Thoughtstream | Courses

Understanding Regular Expressions

Regular expressions are powerful and efficient tools for analyzing and manipulating structured text-based data. They are available in most major programming languages and as a key component of many other useful software tools (browsers, command-line utilities, text editors, web servers, etc.).

But to most programmers, regular expressions remain a riddle wrapped in a mystery inside an enigma shrouded in line-noise. They seem hard to create, harder to use, and almost impossible to debug or maintain.

So most developers make an entirely rational choice: either don’t use regexes at all (the “Reinventing The Wheel...Badly” solution), or else just cut-and-paste existing regexes, adapting them to the new task by trial-and-error (the “Attack Of The Mutant Clones” approach).

This one- or two-day class offers a third option, taking participants back to the fundamentals of regular expressions and explaining what regexes really are (i.e. not declarative pattern matching specifications) and how they actually work (i.e. not simply by sequential character-to-character text comparisons).

The class also demonstrates how normal programmers can make use of their existing software development skills to construct correct and efficient regexes...without selling their souls or losing their minds along the way.

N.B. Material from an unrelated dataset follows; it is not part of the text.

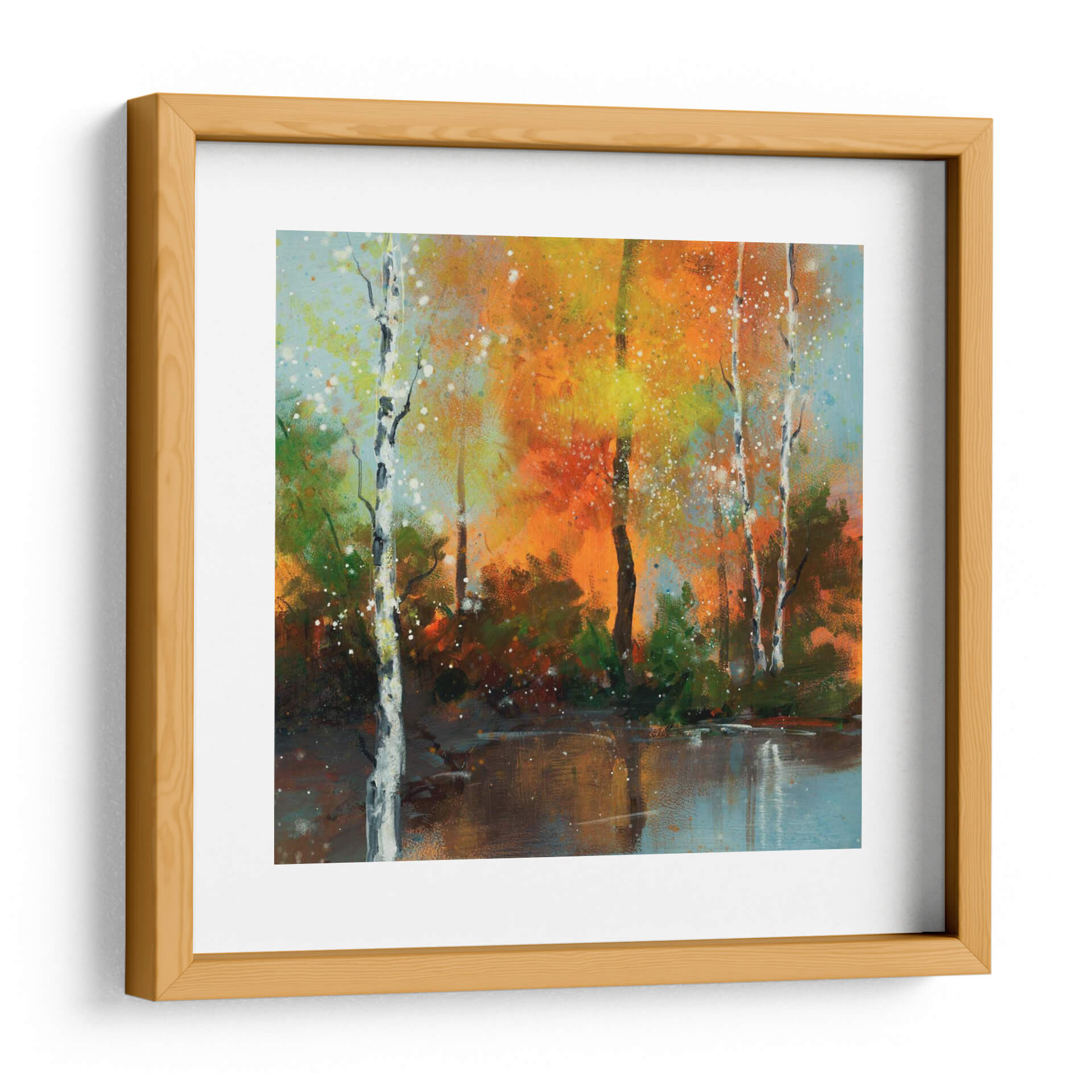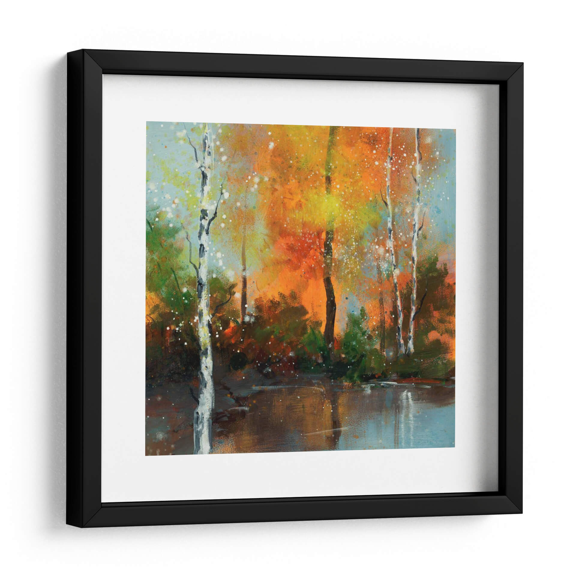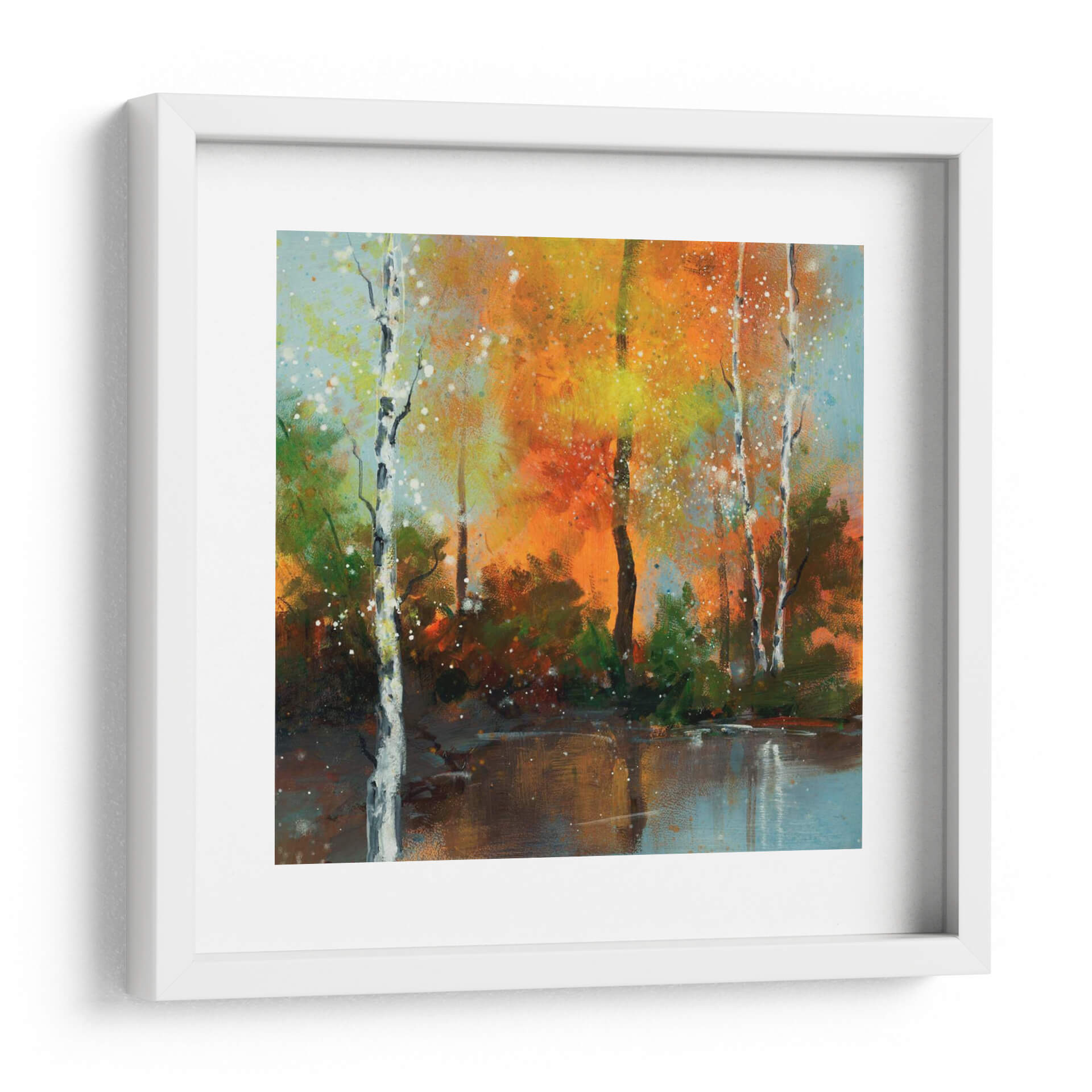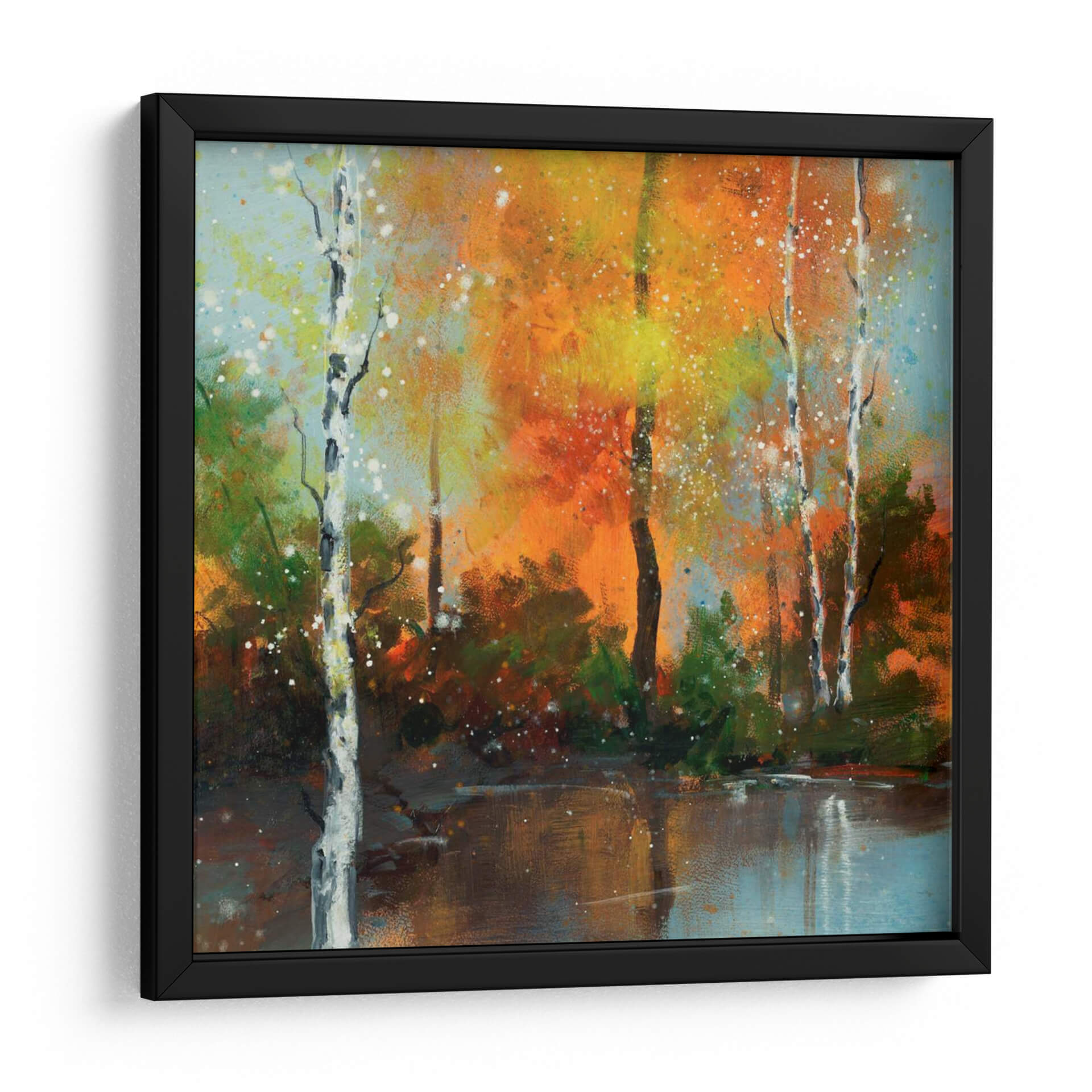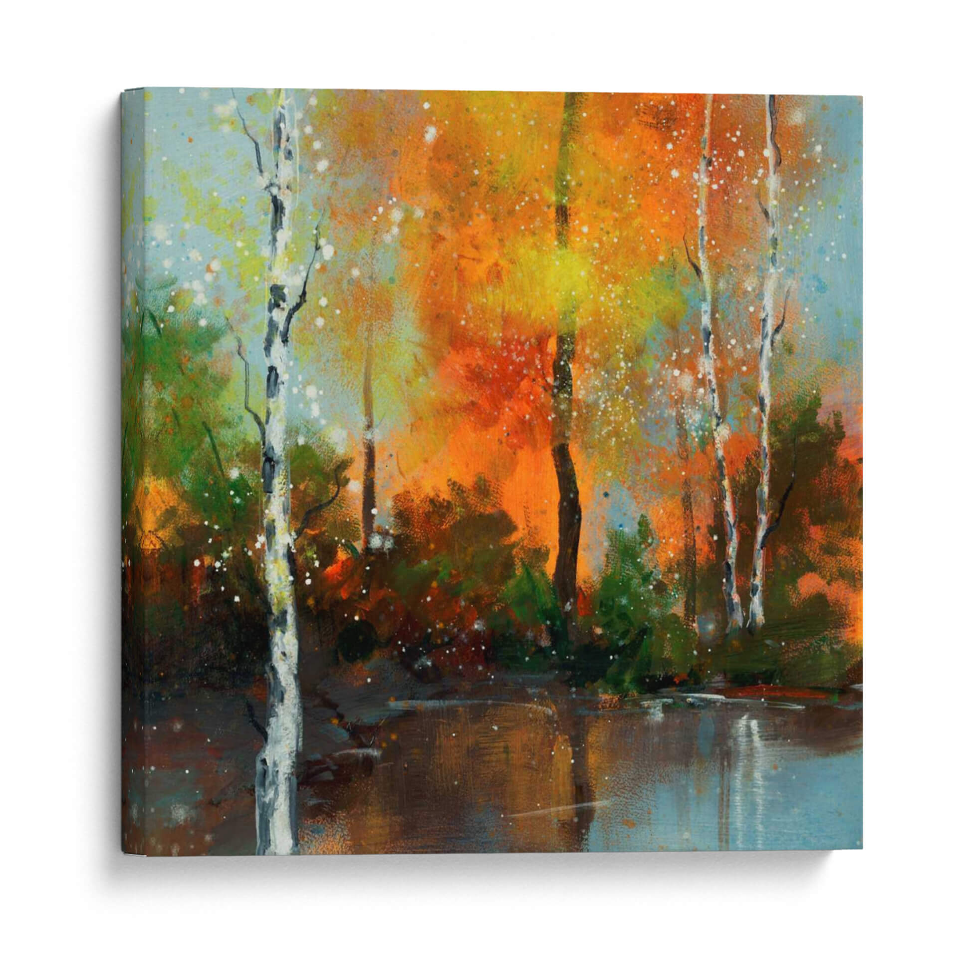 Sumérgete en la atmósfera cautivadora de "Hinterland 7", una obra de arte que captura la esencia de un paisaje otoñal con una técnica expresionista vibrante. Los tonos cálidos de naranja, amarillo y rojo se entrelazan con verdes profundos y toques de azul pálido en el cielo, creando un equilibrio dinámico que invita a la contemplación. Los troncos blancos y esbeltos de los abedules se alzan con gracia, contrastando con la frondosidad del follaje y la serena superficie del agua que refleja sutilmente el entorno. Las pinceladas enérgicas y la aplicación de pintura con textura, salpicada de blancos brillantes, añaden una cualidad etérea y casi mágica a la escena, sugiriendo la efímera belleza de la naturaleza en su máxima expresión. Este cuadro decorativo es ideal para añadir calidez, profundidad y un toque de arte contemporáneo a cualquier sala de estar, estudio u oficina. "Hinterland 7" no es solo una pieza decorativa, sino una ventana a un mundo de sensaciones, perfecta para aquellos que buscan una conexión emocional a través del arte. Su composición abstracta pero evocadora lo convierte en un punto focal intrigante que estimula la imaginación y enriquece el espacio vital con su energía y color.

The course is completely language-agnostic. Every example will be shown in all five major modern dialects of regex syntax (ERE, Perl/PCRE, POSIX, Raku, and Vimmish), which collectively cover the use of regular expressions in: Apache, C, C++, C#, Chrome, Clojure, egrep, Emacs, flex, Firefox, gawk, grep, Haskell, Java, JavaScript, MySQL, .Net, PCRE, Perl, PHP, PowerShell, Python, Raku, Ruby, Safari, sed, VB.NET, and Vim.

Course format

1-day or 2-day seminar

Who should attend

Programmers familiar with the basics of control flow, string handling, and simple data structures, in any of the programming languages or tools listed above.